Относиться к чему-то "ревностно" - значит относиться с большим вниманием и заботой. Смысл явно в том, что Гагарин очень любил песни о летчиках, уделял им большое внимание. 
Надеюсь, теперь смысл всего предложения понятнее.


----------



## Maroseika

Etcetera said:


> Привет.
> Относиться к чему-то "ревностно" - значит относиться с большим вниманием и заботой. Смысл явно в том, что Гагарин очень любил песни о летчиках, уделял им большое внимание.
> Надеюсь, теперь смысл всего предложения понятнее.


 
Добрый день.
Не могу согласиться: такое значение слова "ревностно" возможно только в очень узком контексте.
Наречие "ревностно" означает "усердно, старательно, рьяно, ретиво и т.п." (Ожегов, Кузнецов). Это - характеристики действия, которое может иметь разную интенсивность. Поэтому при сочетании с глаголом "относиться" (который таковым не является) требуется дополнение, вводящее такое действие, например:
- ревностно относиться к своим обязанностям = усердно выполнять свои обязанности

"Усердно относиться к песням" невозможно, поскольку слово "песни" не вводит в контекст какого-либо действия, имеющего разную интенсивность. 
Такое действие могло бы ввести отглагольное существительное, напр. "пение" или "распространение": можно усердно или ревностно относиться к распространению или к пению песен.
В отличие от носителя РЯ иностранец не всегда может схватить суть предложения, отбросив мусор, ему приходится понять его буквально, слово за словом. 
Буквальный же смысл процитированного предложения некорректен, потому что слово "ревностно" употреблено неверно.


----------



## Maroseika

Crescent said:


> Maroseika said:
> 
> 
> 
> Спасибо за Ваш ответ!  Извините за излишнее беспокойство, но вы не могли бы ещё раз это по-русский мне объяснить? Если честно, я все никак не могу уловить смысл фразы.. Что хотел сказать автор? Что Гагарину не нравились песни про летчиков? Что он не любил их популяризацию? Тогда почему он считал, что их дожны все знать?
> Извините, что-то я сегодня вечером плохо соображаю..
> 
> И кстати - добро пожаловать на форумы!
> 
> 
> 
> Спасибо!
> Как я уже объяснил, я думаю, автор хотел сказать, что Гагарин ревностно относился к популяризации песен о лётчиках.
> Но сделал это автор весьма небрежно, вызвав справедливое недоумение у вдумчивого читателя.
Click to expand...


----------



## Etcetera

Mea culpa.
Я пыталась объяснить значение слова "ревностно" именно в контексте этого предложения. Большое спасибо за дополнение!
Кстати, поиск Яндекса дает много интересных примеров того, как к чему-то можно _ревностно относиться._


----------



## Maroseika

Да, к сожалению неправильное использование этого слова распространяется всё больше. Возможно, со временем его постигнет судьба таких слов, как "довлеть", "кущи", "эпицентр", "пользовать" и проч.


----------



## Crescent

Спасибо огромное Вам обоем - Maroseika и Etecetera за Ваши попытки мне объяснить знаечение этой фразы. Я говорю "попытки" так как если четсно, то до сих пор не совсем поняла, все таки что же хотел сказать автор этой фразой...  Простите за мою тупату. 

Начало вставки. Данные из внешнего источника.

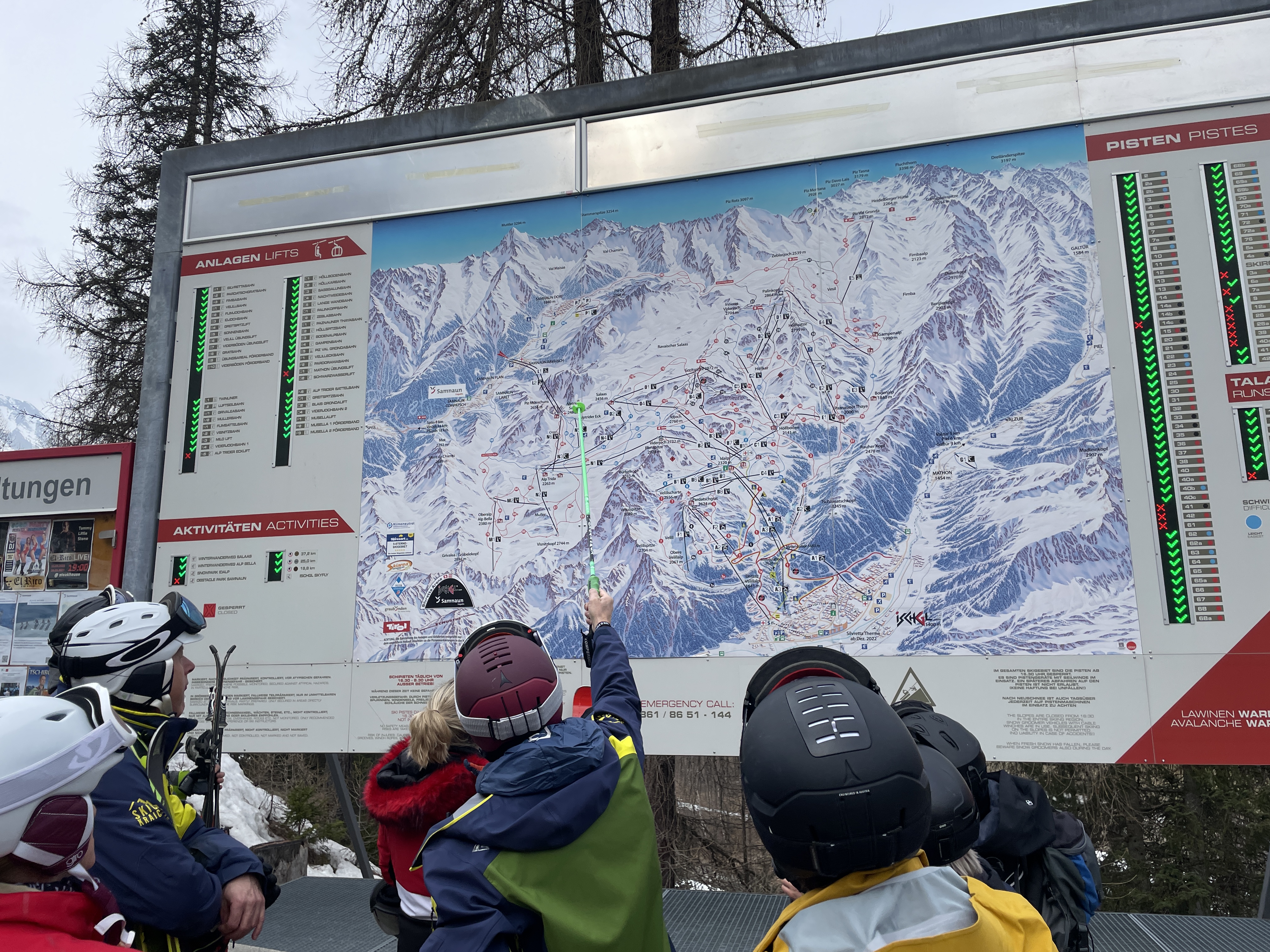 An den beiden Folgetagen wurde das bekannte Skigebiet Samnaun/Ischgl angesteuert. Sonntags konnten am letzten Tag die hervorragenden Pisten in Schöneben (Südtirol), direkt hinter dem Reschenpass, erkundet werden.

Maroseika - Вы говорите, что автор неверно восопльзовался этим словом в данном контексте, и я, кажется, поняла почему: потому, что "усердно относиться к чему-либо" не совсем возможно, и даже (я заявляю с гордостью) для моих не тренерованых ушек звучит немножечко... "коряво". 

Скажите пожалуйста, как вы думайте, какое бы слово лучше подошло к этому контексту, вместо "ревностно"? Чем бы вы его заменили? 
И ещё, Вы говорите, что иностранцу будет сложно понять эту фразу.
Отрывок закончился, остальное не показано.